As to the RADIUS server, you may have several options, depending on what operating systems are on your network. Windows has an Authentication service available on Windows 2000/2003 that can provide most, if not all, of the functionality of a RADIUS server. This may be easier to implement than bringing up a Linux RADIUS server if you don't have a lot of experience working with Linux or cheaper than buying a commercial RADIUS server software package. One thing to think during your evaluation is what are you looking to accomplish with implementing a RADIUS Server and what systems you are looking to integrate/interface.

The two main options for a VPN are an SSL-based VPN setup - which uses a Web browser to access a network - and a conventional VPN configuration, which requires a VPN client. The latter is good if you know exactly how many users will need to access your network because commercial VPN products typically carry a per-user licensing fee.

However, you can look at using open source here as well. You may find that you have to assemble serveral different pieces written by different authors to get a functional system. Keeping track of the different patches that may need to be applied over time and figuring out how to fix things may take more time than you would think. If you can tolerate some downtime when working on things, then the potential costs savings with open source may be worth considering. If you need to have little to no downtime when there are problems and help in getting support quickly when you do have problems, you may want to limit your choices to the commercial offerings.

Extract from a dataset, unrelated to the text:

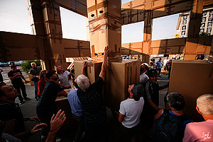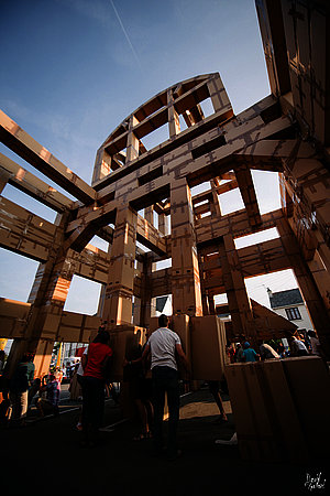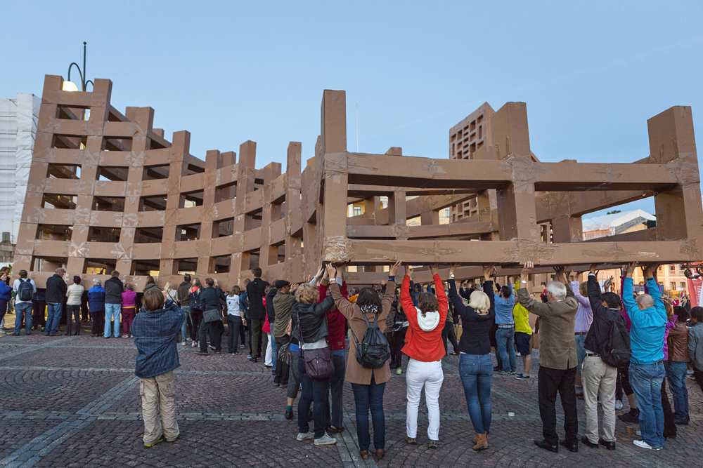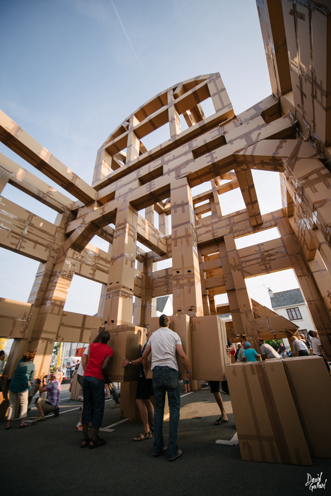 Au gré de ses voyages, le plasticien Olivier Grossetête imagine de gigantesques sculptures en cartons, pouvant atteindre vingt-cinq mètres de haut et peser plus d’une tonne. Ces constructions, conçues spécifiquement pour chaque lieu, donnent au public l’occasion de vivre une expérience humaine et artistique inédite : le public est invité à assembler des boîtes en carton vides pour édifier un bâtiment, sans grue ni machine, uniquement avec l’énergie humaine et à bras d’homme. Éphémère par nature, comme tout organisme vivant, sa fin peut avoir un sens, celui du temps qui lui est donné. Le projet se déroule en trois étapes : les ateliers en amont (du 2 au 5 octobre), l’édification en elle-même (samedi 6 octobre, de 9h à 16h), puis la destruction de la structure (dimanche 7 octobre, à 15h). Les constructions d’Olivier Grossetête sont une réflexion sur l’architecture, mais aussi une démarche sociale. L’artiste invite les habitants à se réunir autour de l’édification d’un bâtiment utopique et éphémère, et de vivre une expérience artistique.

I know that it seems like I may not have answered your question directly. Your question is broad enough that there isn't a simple "look up it up on the chart" response. What may be best for you may be the entirely wrong solution for another company. It is a good ideal to reevaluate your choices on a periodic basis. It is possible that an open-source option may be an option worth considering later on once you have substantial experience with the Commercial offerings for both of the items you have questioned here. Even though you could save money with the open-source options, you may have less hidden costs in terms of ongoing support and keeping things running when patches appear to go awry.